Sweet & Spicy Hazelnuts
Sweet & Spicy Hazelnuts
Ingredients
- 150g raw hazelnuts, out of their shells
- 25g butter
- ½ teaspoon salt
- ¼ tsp smoked paprika
- 2 teasp soft brown sugar
Method
1. Preheat the oven to 200c /fan 180c /gas mark 6.
2. Place the hazelnuts in a single layer on a baking tray. Toast in the hot oven for about 10mins until the nuts have begun to brown and the skin starts to split from the nut. Remove from the oven. Allow to cool a little, and then tip into a clean tea-towel.
3. Using the tea-towel, rub the hazelnuts to loosen and remove most of the skins.
4. Roughly chop the nuts, leaving most of them whole.
5. In a small saucepan melt the butter until it froths a little. Remove from heat and add the salt and paprika. Pour the nuts into the saucepan. Combine all the ingredients well and tip back onto the baking tray and bake in the oven for 7 mins.
6. Remove from the oven, pour into a bowl and immediately sprinkle over the sugar. Stir to combine.

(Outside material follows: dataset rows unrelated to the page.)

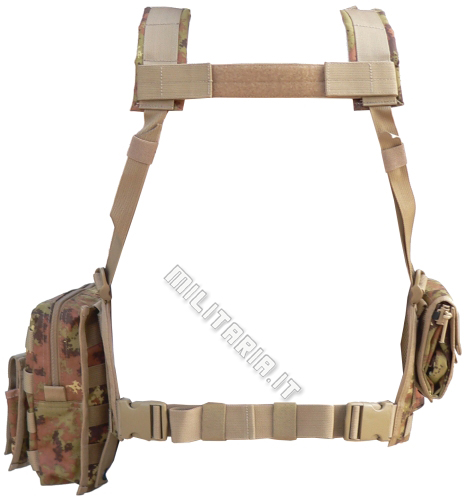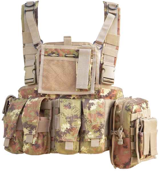costruito con capitolato militare tattico molle (tutte le tasche sono staccabili ) 2 anelli metallici antiriflesso 4 tasche portacaricatori universali 22x7x6 1 tasca porta razione k espandibile 12x12x22 1 tasca con nastro a strappo portanome gruppo sanguigno 18x16 1 tasca portatutto 22x18x6 1 tasca interna portamappa 15x15 1 tasca a rete interna 19x17 2 taschine portautensili con zip 12x12x4 interno a rete antisudore tascone portaplacca balistica taglia unica universale regolabile in altezza e in lunghezza tramite fastex cordura 1000 denari larghezza 85 cm altezza 38,5 peso 1625 grammi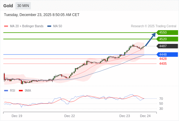 在 4448 之上,看涨,目标价位为 4520 ,然后为 4550 。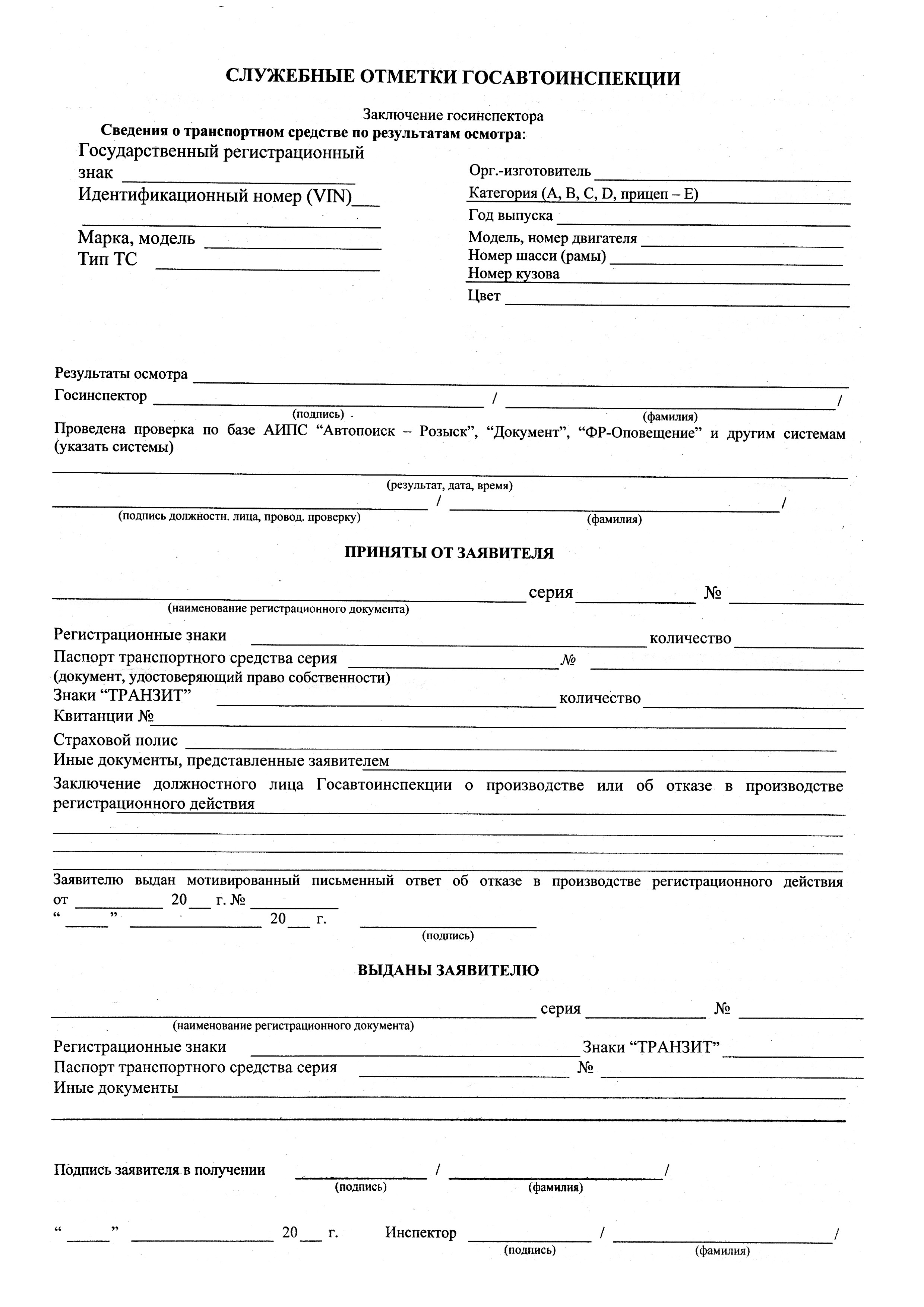 Вот бланк заявления, он двусторонний. На оборотной стороне верхняя часть тоже заполняется заявителем.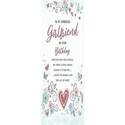 A High Quality Greeting Card and Envelope From Regal Publishing Designed and made in the UK - supporting British jobs Caption: Girlfriend Description: Nova Girlfriend Heart blossoms Approximate size: 9 x 6 inches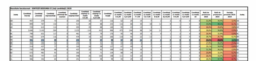 Rata cumulată de promovare (înainte de contestații) pentru județul Bistrița-Năsăud este de 26,3%. Potrivit Inspectoratului Școlar Județean, au promovat 98 de candidați, dintr-un total de 372 de candidați prezenți.

7. Allow to cool and serve.
It has been quite a good year for wild fruit and nuts. The children and I collected a nice amount of hazelnuts, from our near-by trees, but we did leave plenty for the squirrel's winter stash.
If using unshelled nuts for the this recipe, roast them first. Place the hazelnuts onto a baking tray and place in a preheated hot oven {200c /fan 180c /gas mark 6}, for about 20 minutes. Remove from the tray and leave to cool before cracking open.